Troubled Uljanik Shipyard Stays Afloat by Restructuring
Croatia's troubled shipbuilder Uljanik said on Thursday it had chosen local rival Brodosplit as a strategic partner to restructure its operations.
Uljanik, 25 percent owned by the state and with 3,500 employees, has been working to stave off bankruptcy due to liquidity problems that began in 2017. Workers staged strikes twice last year over unpaid wages.
"Uljanik has chosen Brodosplit as its strategic partner which will have an obligation to devise, in cooperation with Uljanik, a feasible restructuring plan," Uljanik said in a statement filed to the Zagreb bourse.
"The chosen partner will be able to enter the ownership structure through a capital boost," said Uljanik, which owns two shipyards in the northern Adriatic cities of Pula and Rijeka.
Uljanik, whose shareholders also include local banks and insurer Croatia Osiguranje, did not give a value or other details of the strategic partnership.

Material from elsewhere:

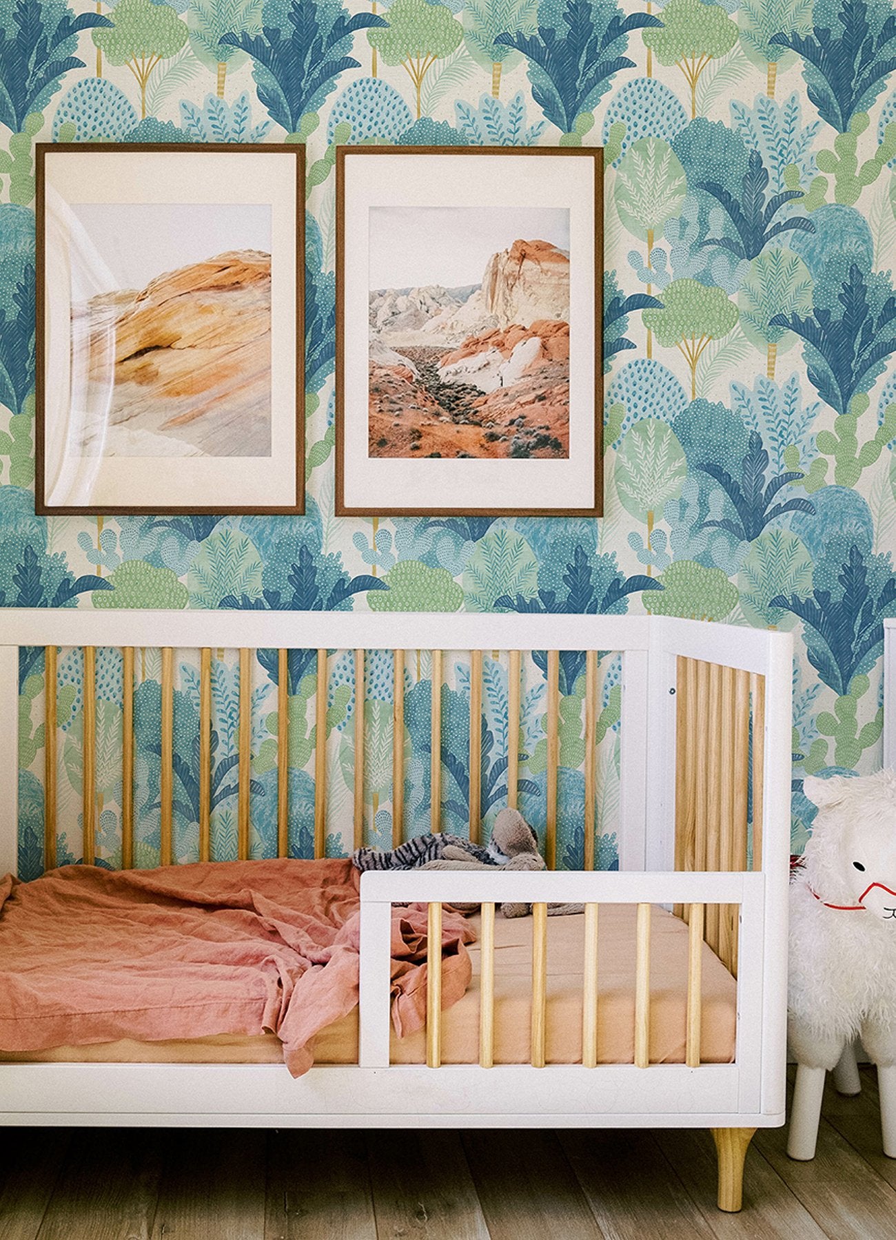 Travel through the tropics with this botanical print! Teal, blue, and green trees create a watercolor bohemian jungle in this peel and stick wallpaper print. Teal Keilani Peel and Stick Wallpaper comes on one roll that measures 20.5 inches wide by 18 feet long.

Brodosplit also declined to give details.
Economy Minister Darko Horvat said on N1 television news channel on Thursday that Italian shipbuilder Fincantieri was working with Brodosplit on the offer, without elaborating.
A source close to the matter told Reuters that Fincantieri would act as an adviser to Brodosplit at this stage but would not be an investor.

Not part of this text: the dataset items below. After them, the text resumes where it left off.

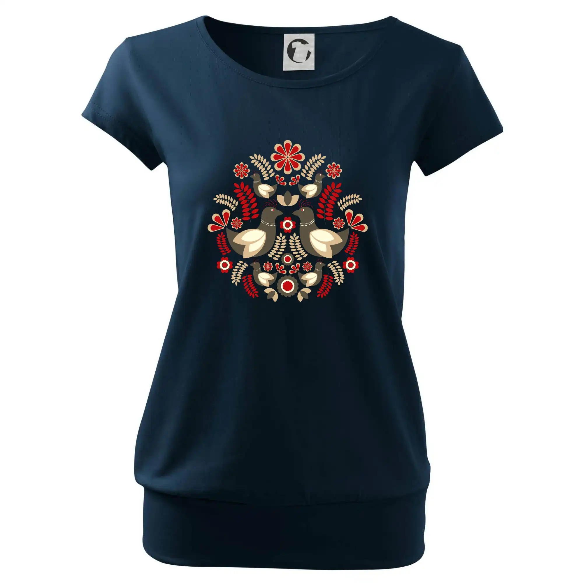 Trendové dámske tričko s veľmi krátkym rukávom, voľnejšieho strihu, v dolnom kraji všité do širokého lemu. Okrúhly priekrčník s úzkym lemom zo zhodného materiálu.
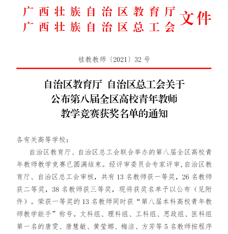 近日,第八届全区高校青年教师教学竞赛结果揭晓,南宁学院4名教师获佳绩。
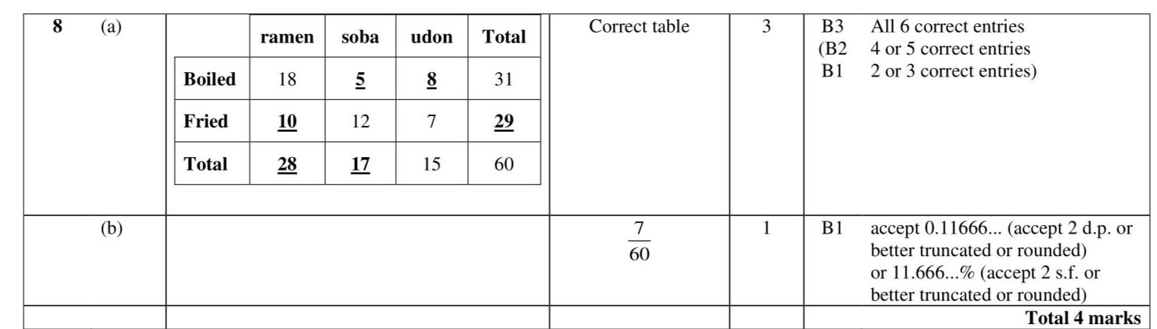 The two-way table shows some information about the 60 noodle meals eaten in a noodle bar by each of 60 people last Friday. (a) Complete the two-way table. (3) One of the 60 people is selected at random. (b) Write down the probability that this person ate Fried Udon noodles. (1)

The economy minister has previously said restructuring Uljanik could cost about 800 million euros ($907 million), with at least half the amount expected to come from a strategic partner.

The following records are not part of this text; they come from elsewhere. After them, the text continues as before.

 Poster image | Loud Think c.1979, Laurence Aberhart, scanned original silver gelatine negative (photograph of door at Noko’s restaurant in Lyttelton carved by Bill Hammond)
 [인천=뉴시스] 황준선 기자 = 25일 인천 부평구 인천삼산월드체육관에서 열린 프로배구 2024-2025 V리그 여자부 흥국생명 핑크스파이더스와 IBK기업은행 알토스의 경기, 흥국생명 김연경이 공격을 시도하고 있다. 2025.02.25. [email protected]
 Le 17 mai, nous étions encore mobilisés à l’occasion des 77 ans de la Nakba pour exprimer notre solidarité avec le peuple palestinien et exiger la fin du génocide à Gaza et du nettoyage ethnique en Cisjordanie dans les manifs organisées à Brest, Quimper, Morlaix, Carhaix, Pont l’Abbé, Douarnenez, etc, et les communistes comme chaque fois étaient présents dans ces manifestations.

Croatia's once-prosperous shipbuilding industry has struggled since the collapse of Yugoslavia in the early 1990s. It has lost business to competitors, particularly in South Korea and other Asian nations.
Croatia has spent more than 30 billion kuna ($4.6 billion) in the past 25 years to save and then sell state-owned shipyards. Brodosplit was among those sold by the state.
The government paid out 2.5 billion kuna last year on state guarantees to help Uljanik stay afloat, driving the budget into deficit in 2018. Final budget figures for 2018 are due in April.
An association of tax payers, Lipa, said on Thursday the government was irresponsible in pouring money into a shipyard, when there was no certainty that it could recover.
"Each job in Uljanik cost citizens one million kuna," Lipa said.